== Records for the exercise ==
********************

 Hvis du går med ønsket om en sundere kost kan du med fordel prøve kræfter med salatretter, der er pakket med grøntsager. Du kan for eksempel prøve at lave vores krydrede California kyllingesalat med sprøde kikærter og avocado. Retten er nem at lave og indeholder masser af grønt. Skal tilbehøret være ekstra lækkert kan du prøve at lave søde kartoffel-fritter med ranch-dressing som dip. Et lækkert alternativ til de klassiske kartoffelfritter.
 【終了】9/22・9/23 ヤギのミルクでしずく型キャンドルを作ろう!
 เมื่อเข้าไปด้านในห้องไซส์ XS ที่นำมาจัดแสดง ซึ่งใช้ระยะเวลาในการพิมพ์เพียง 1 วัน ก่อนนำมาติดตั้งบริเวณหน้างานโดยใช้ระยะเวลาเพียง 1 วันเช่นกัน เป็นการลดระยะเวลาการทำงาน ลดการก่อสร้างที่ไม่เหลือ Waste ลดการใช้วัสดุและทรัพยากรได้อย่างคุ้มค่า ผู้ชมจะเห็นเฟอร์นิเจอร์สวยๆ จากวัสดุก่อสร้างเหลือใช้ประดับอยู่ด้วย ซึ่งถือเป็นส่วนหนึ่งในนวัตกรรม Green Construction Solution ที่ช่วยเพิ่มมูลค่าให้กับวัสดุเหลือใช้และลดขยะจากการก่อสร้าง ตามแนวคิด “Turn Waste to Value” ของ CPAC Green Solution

********************

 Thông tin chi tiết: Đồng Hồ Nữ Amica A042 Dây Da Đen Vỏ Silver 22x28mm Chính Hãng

********************

== To do ==
Please transcribe only the lines in the records above running from the line that has "Hvis du går" through the line that has "เมื่อเข้าไปด้านในห้องไซส์ XS ที่นำมาจัดแสดง", both included, exactly as they appear.

== Answer to this task ==
 Hvis du går med ønsket om en sundere kost kan du med fordel prøve kræfter med salatretter, der er pakket med grøntsager. Du kan for eksempel prøve at lave vores krydrede California kyllingesalat med sprøde kikærter og avocado. Retten er nem at lave og indeholder masser af grønt. Skal tilbehøret være ekstra lækkert kan du prøve at lave søde kartoffel-fritter med ranch-dressing som dip. Et lækkert alternativ til de klassiske kartoffelfritter.
 【終了】9/22・9/23 ヤギのミルクでしずく型キャンドルを作ろう!
 เมื่อเข้าไปด้านในห้องไซส์ XS ที่นำมาจัดแสดง ซึ่งใช้ระยะเวลาในการพิมพ์เพียง 1 วัน ก่อนนำมาติดตั้งบริเวณหน้างานโดยใช้ระยะเวลาเพียง 1 วันเช่นกัน เป็นการลดระยะเวลาการทำงาน ลดการก่อสร้างที่ไม่เหลือ Waste ลดการใช้วัสดุและทรัพยากรได้อย่างคุ้มค่า ผู้ชมจะเห็นเฟอร์นิเจอร์สวยๆ จากวัสดุก่อสร้างเหลือใช้ประดับอยู่ด้วย ซึ่งถือเป็นส่วนหนึ่งในนวัตกรรม Green Construction Solution ที่ช่วยเพิ่มมูลค่าให้กับวัสดุเหลือใช้และลดขยะจากการก่อสร้าง ตามแนวคิด “Turn Waste to Value” ของ CPAC Green Solution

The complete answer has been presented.